Personal information
- Full name: Ravil Nachaev
- National team: Uzbekistan
- Born: 17 June 1974 (age 52) Tashkent, Uzbek SSR, Soviet Union
- Height: 1.91 m (6 ft 3 in)
- Weight: 90 kg (198 lb)

Sport
- Sport: Swimming
- Strokes: Freestyle, butterfly

Medal record
Men's swimming
Representing Uzbekistan
Asian Games
| Gold medal – first place | 2002 Busan | 50 m freestyle |
Afro-Asian Games
| Gold medal – first place | 2003 Hyderabad | 50 m freestyle |
Asian Indoor Games
| Gold medal – first place | 2005 Bangkok | 50 m freestyle |
| Gold medal – first place | 2005 Bangkok | 100 m freestyle |
| Gold medal – first place | 2005 Bangkok | 4×100 m freestyle |
| Silver medal – second place | 2005 Bangkok | 4×100 m medley |
| Silver medal – second place | 2005 Bangkok | 4×50 m freestyle |
| Bronze medal – third place | 2005 Bangkok | 50 m butterfly |
| Bronze medal – third place | 2005 Bangkok | 100 m butterfly |
Asian Championships
| Gold medal – first place | 1996 Bangkok | 4×100 m freestyle |
| Silver medal – second place | 2006 Singapore | 4×100 m freestyle |
| Bronze medal – third place | 2000 Busan | 100 m butterfly |
| Bronze medal – third place | 2006 Singapore | 50 m freestyle |

= Ravil Nachaev =

Uzbek swimmer (born 1974)

Ravil Nachaev (also Ravil Nagayev, Равиль Начаев; born June 17, 1974, in Tashkent) is an Uzbek former swimmer, who specialized in sprint freestyle and butterfly events. He is a three-time Olympian (1996, 2000, and 2004), and a gold medalist in the 50 m freestyle at the 2002 Asian Games in Busan, South Korea.

Nachaev made his official debut, as a 22-year-old, at the 1996 Summer Olympics in Atlanta. He failed to reach the top 16 final in any of his individual events, finishing forty-fifth in the 50 m freestyle (23.12), and forty-eighth in the 100 m butterfly (56.61). He also placed seventeenth, as a member of the Uzbekistan team, in the 4 × 100 m freestyle relay (3:28.33).

At the 2000 Summer Olympics in Sydney, Nachaev competed as a member of the Uzbekistan team in the 4 × 100 m freestyle relay, along with Oleg Tsvetkovskiy, Petr Vasiliev, and Oleg Pukhnatiy. Although he swam the anchor leg in heat one, his team had been disqualified due to an early relay takeoff by Pukhnatiy. On the sixth day of the Games, Nachaev swam his two individual events, with only 90 minutes in between. First, he posted a lifetime best of 23.12 to lead the fifth heat of the 50 m freestyle. More than an hour later, in the 100 m butterfly, Nachaev stormed the entire field to another triumph in heat three by 0.04 seconds, with a time of 55.21. Despite winning the heats in just a single day, he failed to advance into the semifinals in any of his individual events, finishing thirtieth in the 50 m freestyle, and thirty-fourth in the 100 m butterfly.

Nachaev later emerged as Uzbekistan's top swimmer, when he shared the gold with South Korea's Kim Min-suk in the 50 m freestyle, a matching time of 22.86 seconds, at the 2002 Asian Games in Busan.

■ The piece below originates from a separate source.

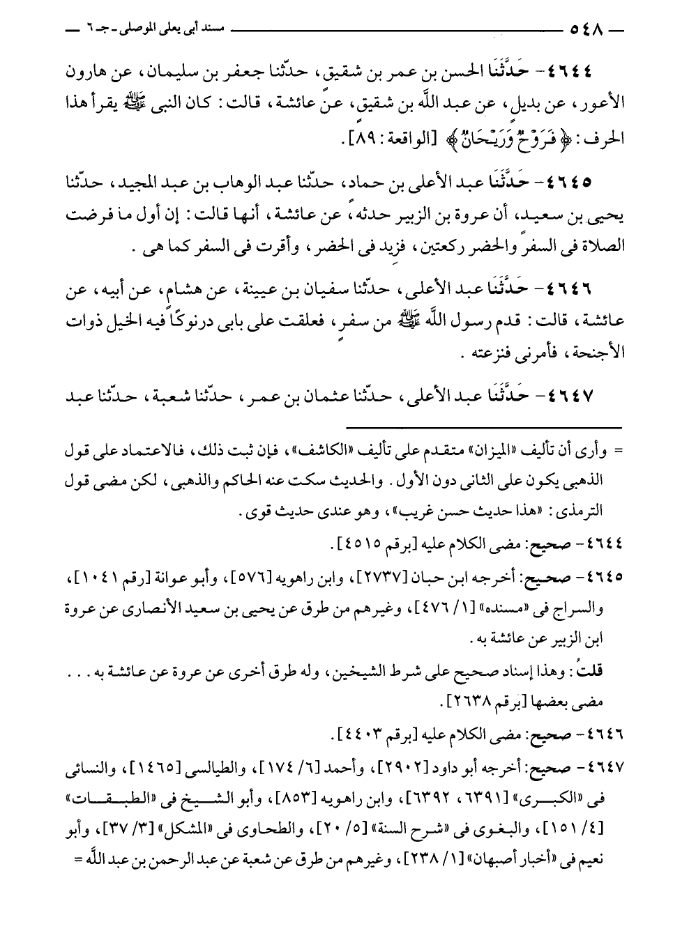 ٤٦٤٤ - حَدَّثَنَا الحسن بن عمر بن شقيق، حَدَّثَنَا جعفر بن سليمان، عن هارون الأعور، عن بديلٍ، عن عبد الله بن شقيقٍ، عن عائشة، قالت: كان النبي - صلى الله عليه وسلم - يقرأ هذا الحرف: روح {فَرَوْحٌ وَرَيْحَانٌ} [الواقعة: ٨٩].

Nachaev shortened his program at the 2004 Summer Olympics in Athens, when he swam only for the third time in the 50 m freestyle. He achieved a FINA B-standard of 23.49 from the Kazakhstan Open Championships in Almaty. Nachaev registered a time of 23.23 to lead the fifth heat again, since he had previously done before in Sydney four years earlier. Nachaev failed to reach the semifinals for his third and final Olympic stint, placing thirty-sixth in the preliminaries.